_Data segment_:
—————
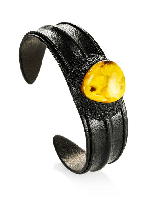 Браслет из натуральной кожи и янтаря Нефертити
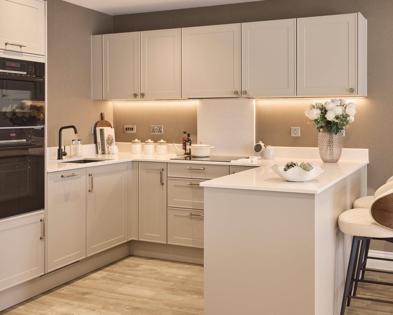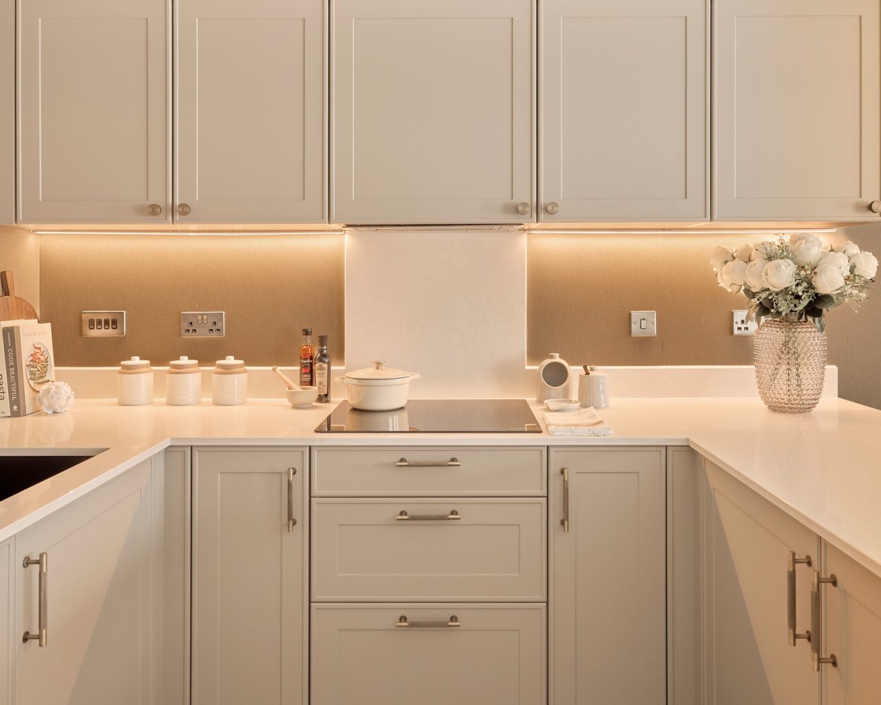 • LEICHT GERMAN-DESIGNED FITTED KITCHEN WITH QUARTZ WORKTOPS AND UPSTAND
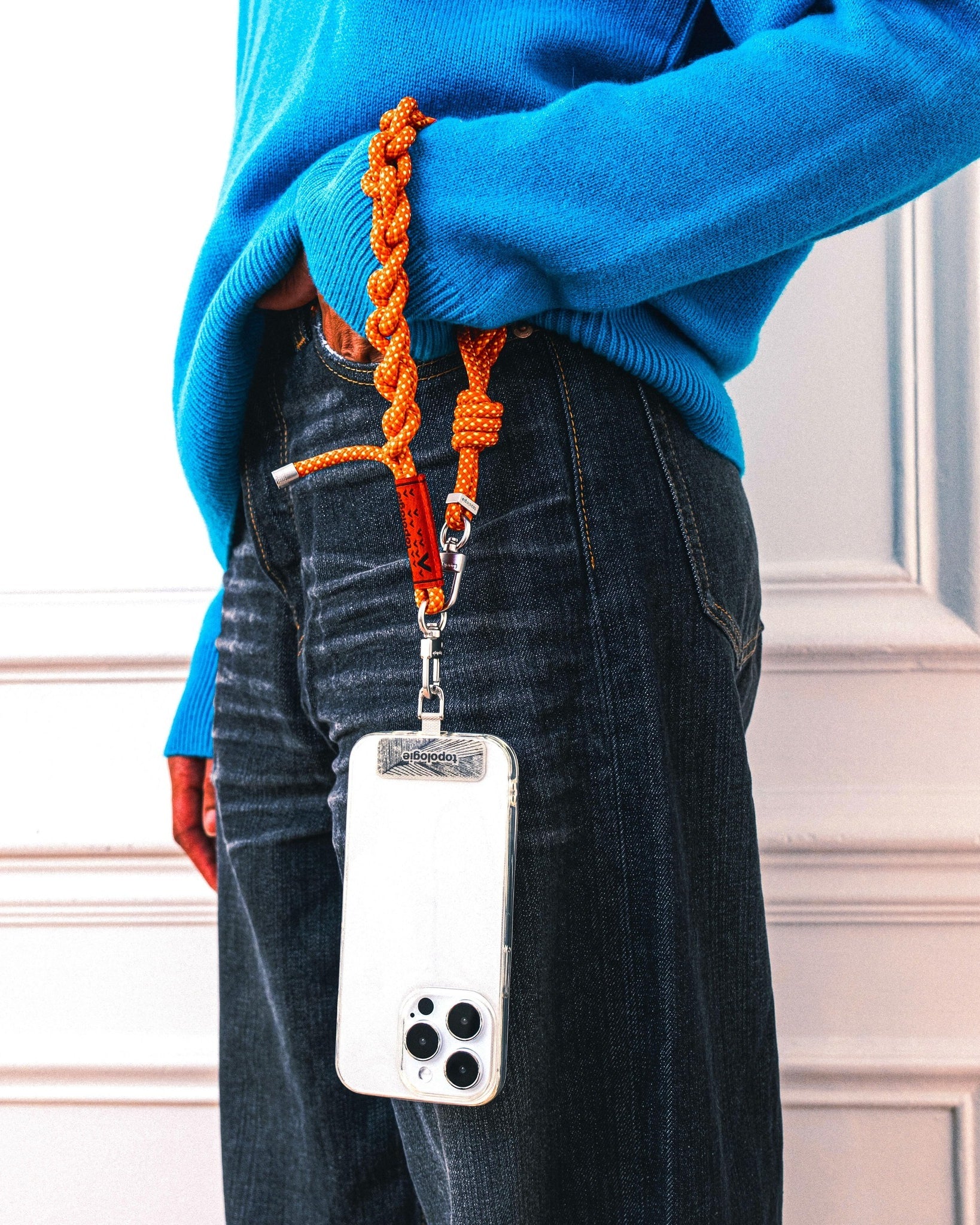 Convert your own phone case into a crossbody and free your hands today. Topologie Phone Strap Adaptor features a refined stainless steel D-ring renowned for its robust, anti-oxidation, and anti-rust properties. Compatible with most phone cases, break from the ordinary and unlock the versatile potential of your daily look.
—————
_Task to carry out_:
Please retype the material in full, exactly as it reads, apart from the images.

_Result of the exercise_:
 Браслет из натуральной кожи и янтаря Нефертити
 • LEICHT GERMAN-DESIGNED FITTED KITCHEN WITH QUARTZ WORKTOPS AND UPSTAND
 Convert your own phone case into a crossbody and free your hands today. Topologie Phone Strap Adaptor features a refined stainless steel D-ring renowned for its robust, anti-oxidation, and anti-rust properties. Compatible with most phone cases, break from the ordinary and unlock the versatile potential of your daily look.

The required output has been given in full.